» Task directions: Starting at the line that holds "Embrace the Holiday", quote every line through the end of the records, both boundary lines included. Omit the pictures.

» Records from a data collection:
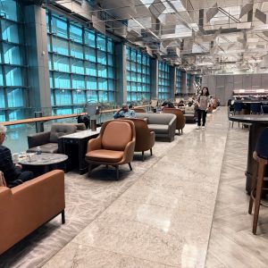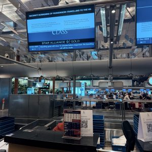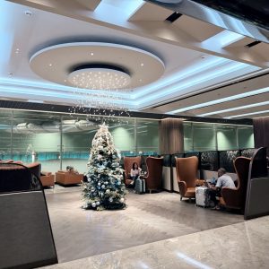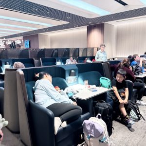 Singapore Airlines check-in counters at Hong Kong Chek Lap Kok Airport are located in Row F of Terminal 1, in the central part of the terminal. However, as we were coming from Macau, the Macau-Hong Kong bus dropped us off at the Sky Pier instead of the main airport terminal. Singapore Airlines did not operate any dedicated check-in counters at the Sky Pier Terminal. After asking the staff at the Cathay Pacific counter, we were directed to the last three counters on the extreme right of the terminal. Singapore Airlines, like many other airlines, uses the three generic check-in counters to check in its passengers. All passengers checking in here, regardless of travel class or membership status, must use a single queue. Fortunately, the number of passengers from Macau was low, and there was no queue upon our arrival. The check-in process took a while because the counter staff had to confirm the bus’s arrival time before she could pull up our information from the airline list. The staff had to check our airlines and then our flight to pull out our information. However, once the information was obtained, our check-in was processed quickly. After checking our luggage, the staff gave us vital information like where to obtain the airport tax refund (apparently, as long as we did not enter Hong Kong, we were refunded HKD120 per adult), our boarding gate and timing, and the lounge location.
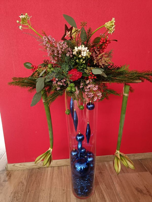 NB Bij het arrangement van een kerststuk op de hoge vaas dienen deelnemers zelf een eigen ( keramiek/glazen) vaas mee te nemen. van minimaal 60 cm hoogte ( Tip: bij de kringloop zijn vaak mooie hoge vazen te vinden.)
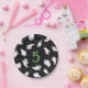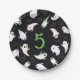 Spooktacular Halloween birthday party paper plates with swooping ghosts and bats against a black background with the birthday girl or boy's age in the middle.
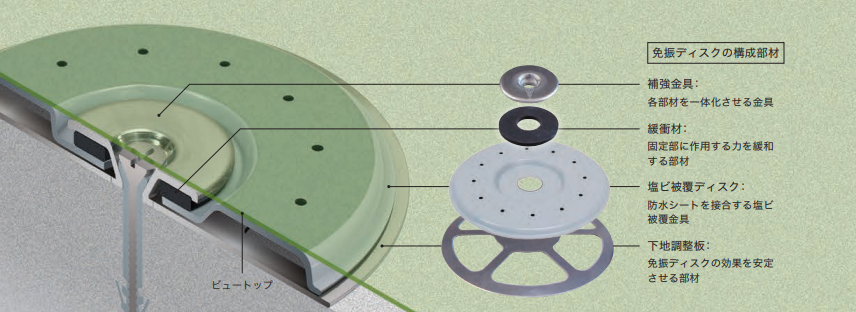 塩ビシートを塩ビ鋼板製のプレートとディスクに溶着し、アンカーを用いて躯体に固定する工法です。
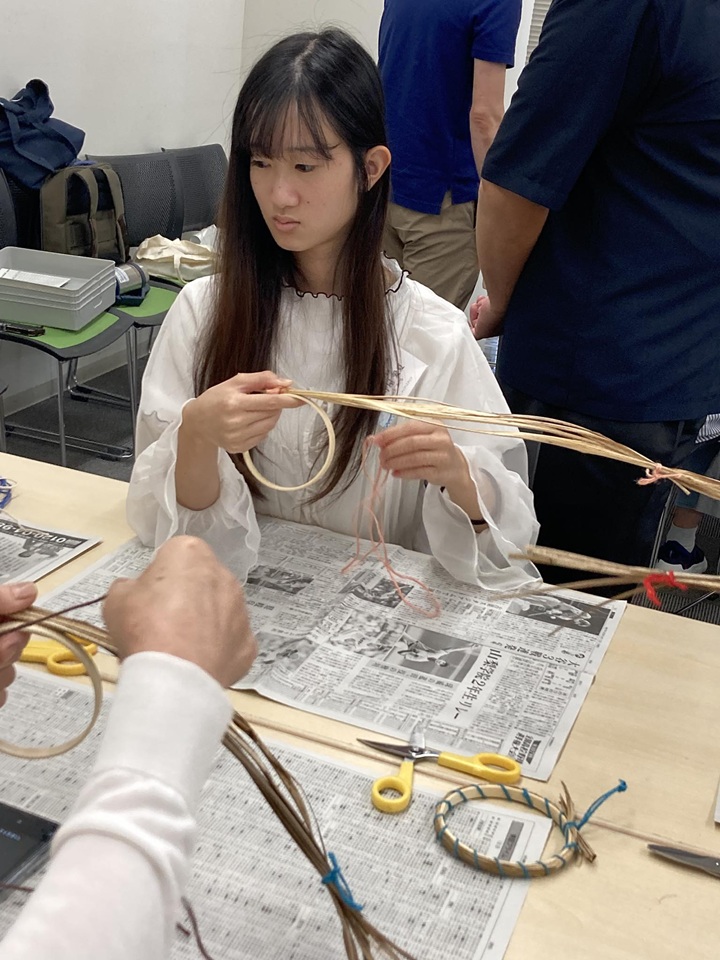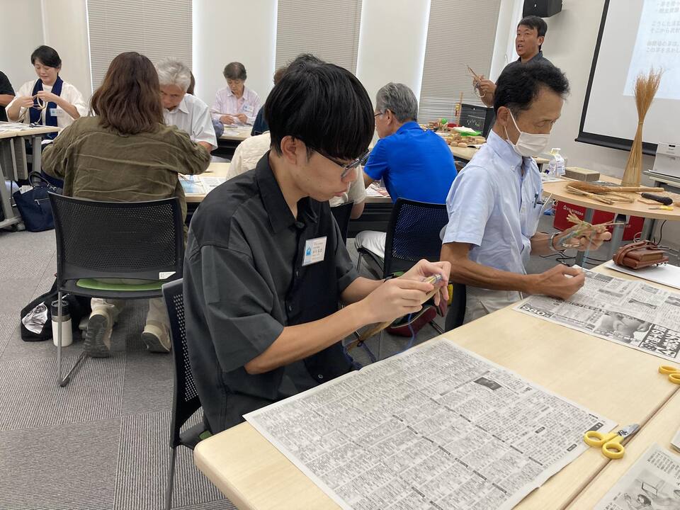 また、ワークショップでは受講者さんが先生の指導のもと、ミニ茅の輪づくり体験などもあり、器用にさっさと作り上げる人、悪戦苦闘する人、色々でしたが、グループで助け合いながら、萱の輪を作り上げていました。
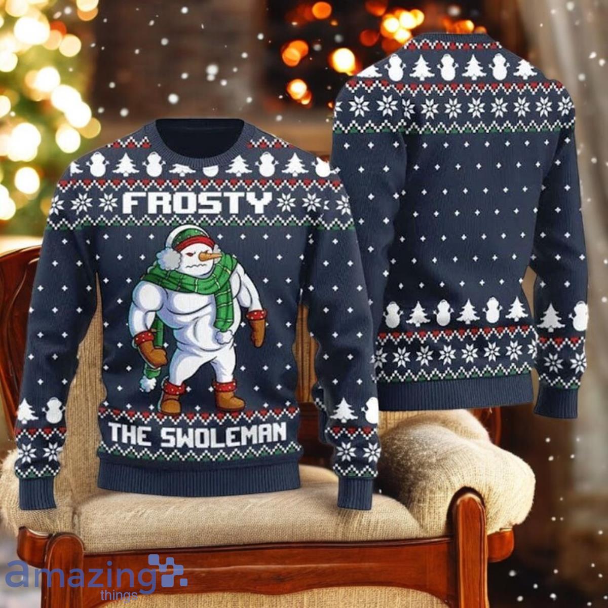 Embrace the Holiday Cheer with the Frosty Swoleman Ugly Christmas Sweater
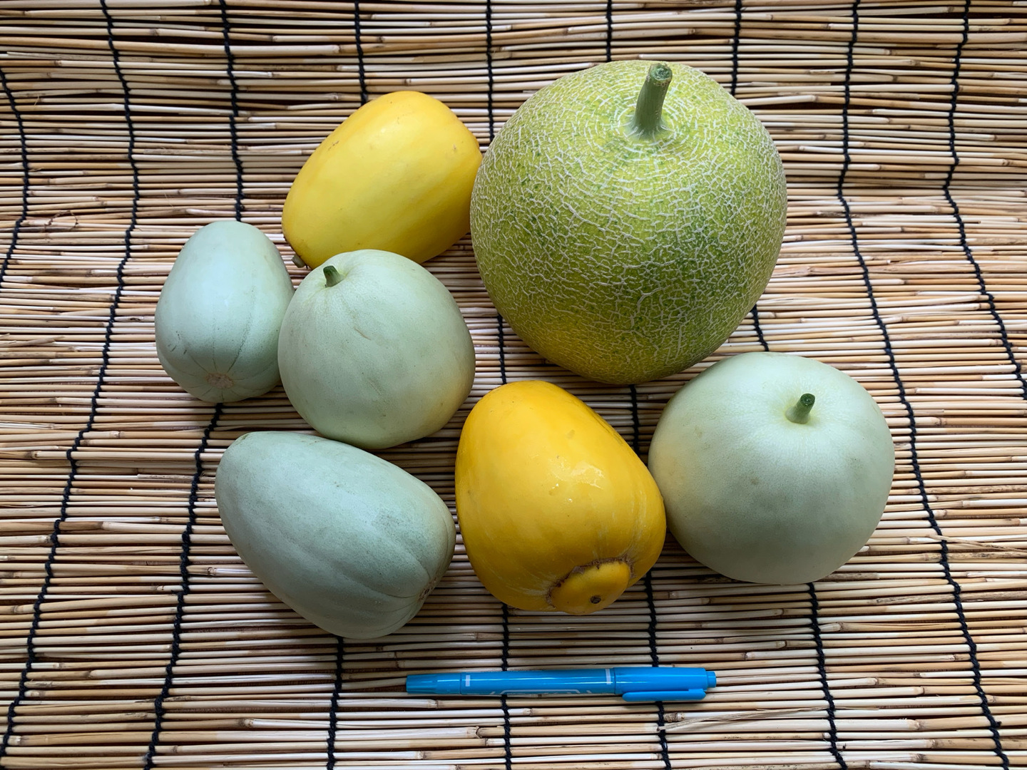 参考重量として、2・3枚めの写真の各種メロンで4kg強となります。
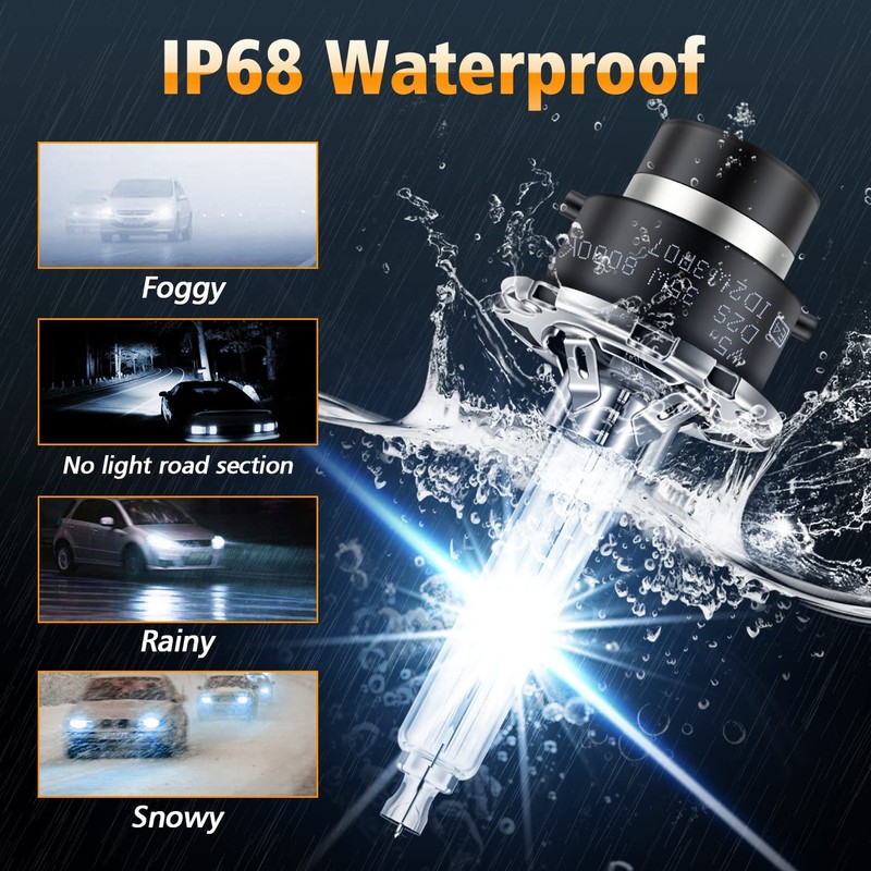 - 300% super brightness: 8000K ice blue, bluish white: driving vision clearer. 2*35W 3500 Lumens, 3 times brightness than original dim yellow car lamps, plug and play, easy to own extremely bright cool racing vision.
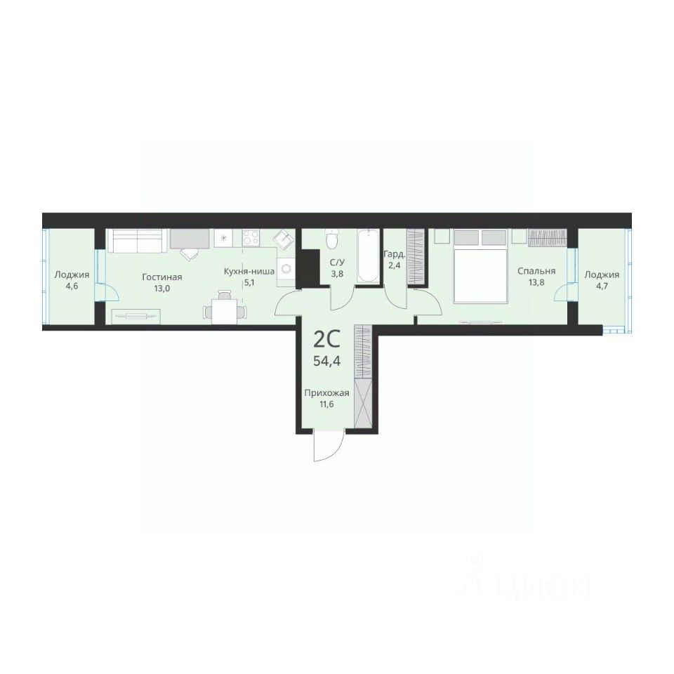 54 м² · Этаж 13 из 15
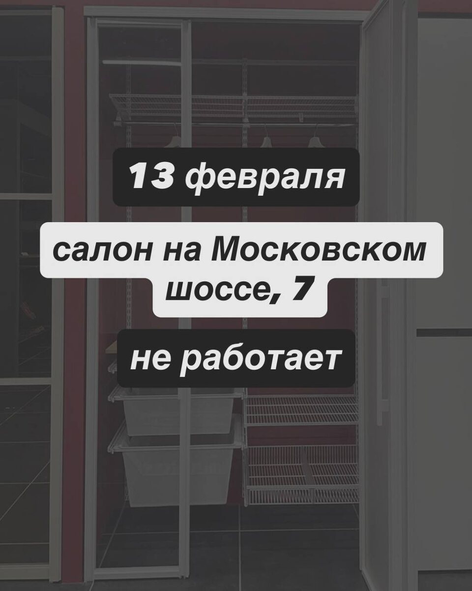 Друзья, салон на Московском шоссе 7 завтра, 13 февраля, не работает по техническим причинам

» Task output:
 Embrace the Holiday Cheer with the Frosty Swoleman Ugly Christmas Sweater
 参考重量として、2・3枚めの写真の各種メロンで4kg強となります。
 - 300% super brightness: 8000K ice blue, bluish white: driving vision clearer. 2*35W 3500 Lumens, 3 times brightness than original dim yellow car lamps, plug and play, easy to own extremely bright cool racing vision.
 54 м² · Этаж 13 из 15
 Друзья, салон на Московском шоссе 7 завтра, 13 февраля, не работает по техническим причинам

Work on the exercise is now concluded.